KMP Algo

Problem Statement

LPS

Pattern:

---

Solution

// O(2n)
public void getLps(String needle, int[] lps) {
	int currLps = 0, i = 1;
	while (i < needle.length())
		if (needle.charAt(i) == needle.charAt(currLps))
			lps[i++] = ++currLps;               // match        ->   increment lps
		else if (currLps == 0) lps[i++] = 0;    // currLps = 0  ->   lps not possible
		else currLps = lps[currLps - 1];        // currLps != 0 ->   match against prev currLps
}
 
public int kmp(String needle, String haystack) {
	// base condition
	if(needle.length() == 0) return 0;
 
	// get lps
	int[] lps = new int[needle.length()];
	getLps(needle, lps);
 
	// matching
	int i = 0, j = 0;
	while (i < haystack.length() && j < needle.length())
		if(haystack.charAt(i) == needle.charAt(j)) { i++; j++;}
		else if (j == 0) i++;
		else j = lps[j-1];
 
	if (j == needle.length()) return i - needle.length();
	return -1;
}

TC : $O(n+m)$ SC : $O(n)$ where n is the size of the needle

Notes

• KMP algo essentially keeps track of how much of a pattern has already been matched, and how much more needs to be matched.
• LPS array - Longest Prefix (common) Suffix (where neither is the whole string)

Matching

• During matching if mismatch is found, the needle pointer resumes to the earliest unmatched location in the needle.
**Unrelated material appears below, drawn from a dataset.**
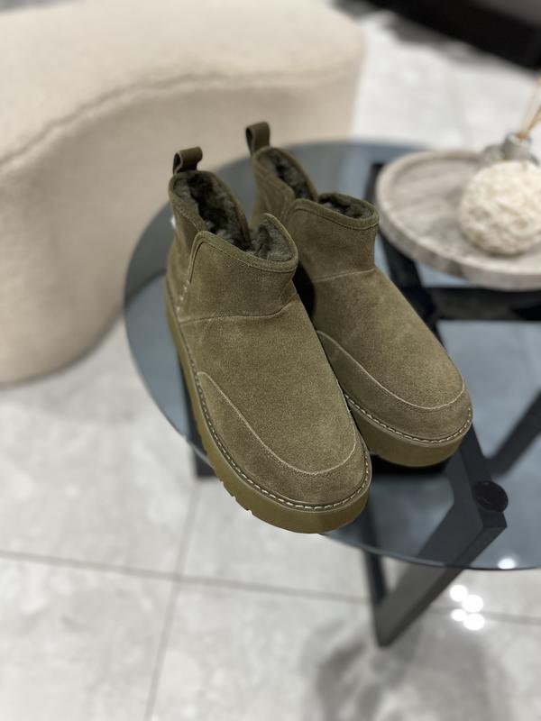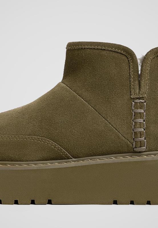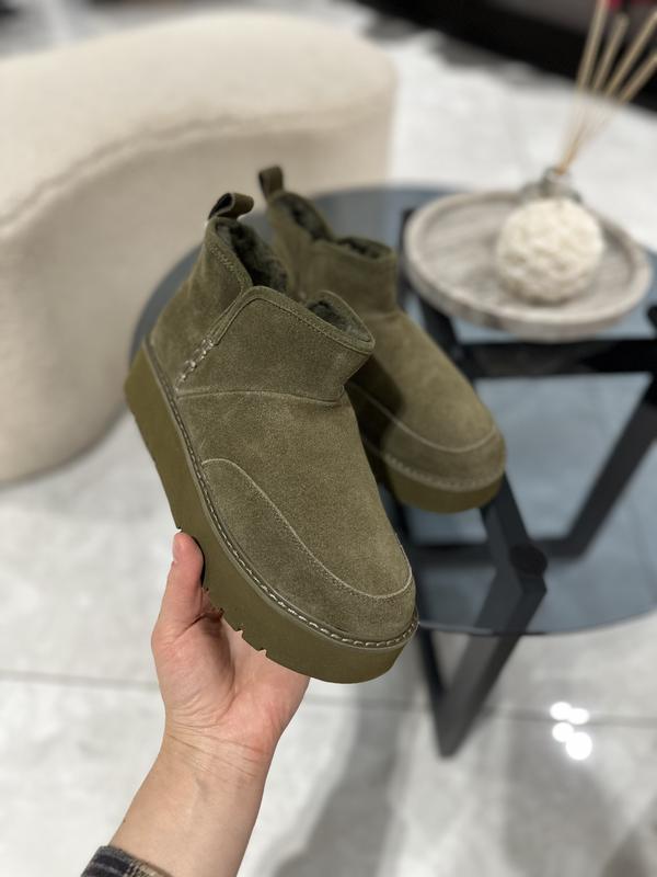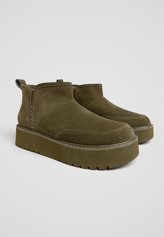 Плоские угги из натуральной замши. Подкладка из искусственного меха и прошитые детали по бокам. Доступен в нескольких цветах. Высота подошвы: 4 см. Размеры хаки 38(24,6)39(25,3)

HOW?
• Dry Run :
  • needle = "sosos" haystack = "sosoososos"
  • LPS array made would be [0, 0, 1, 2, 3]
  • when needle ptr i is at index 4 and haystack ptr j is at index 4 and theres a mismatch
    • needle ptr gets sent to and resumes after the earliest match j = lps[j-1]
    • when there is a mismatch at j = 4, lps [3] -> 2 says : Resume checking from index 2, since the longest prefix suffix of the string of size is of length 2, it has already occurred once before, now resume checking from the 3rd character.
  • didnt explain it too well, you get the idea.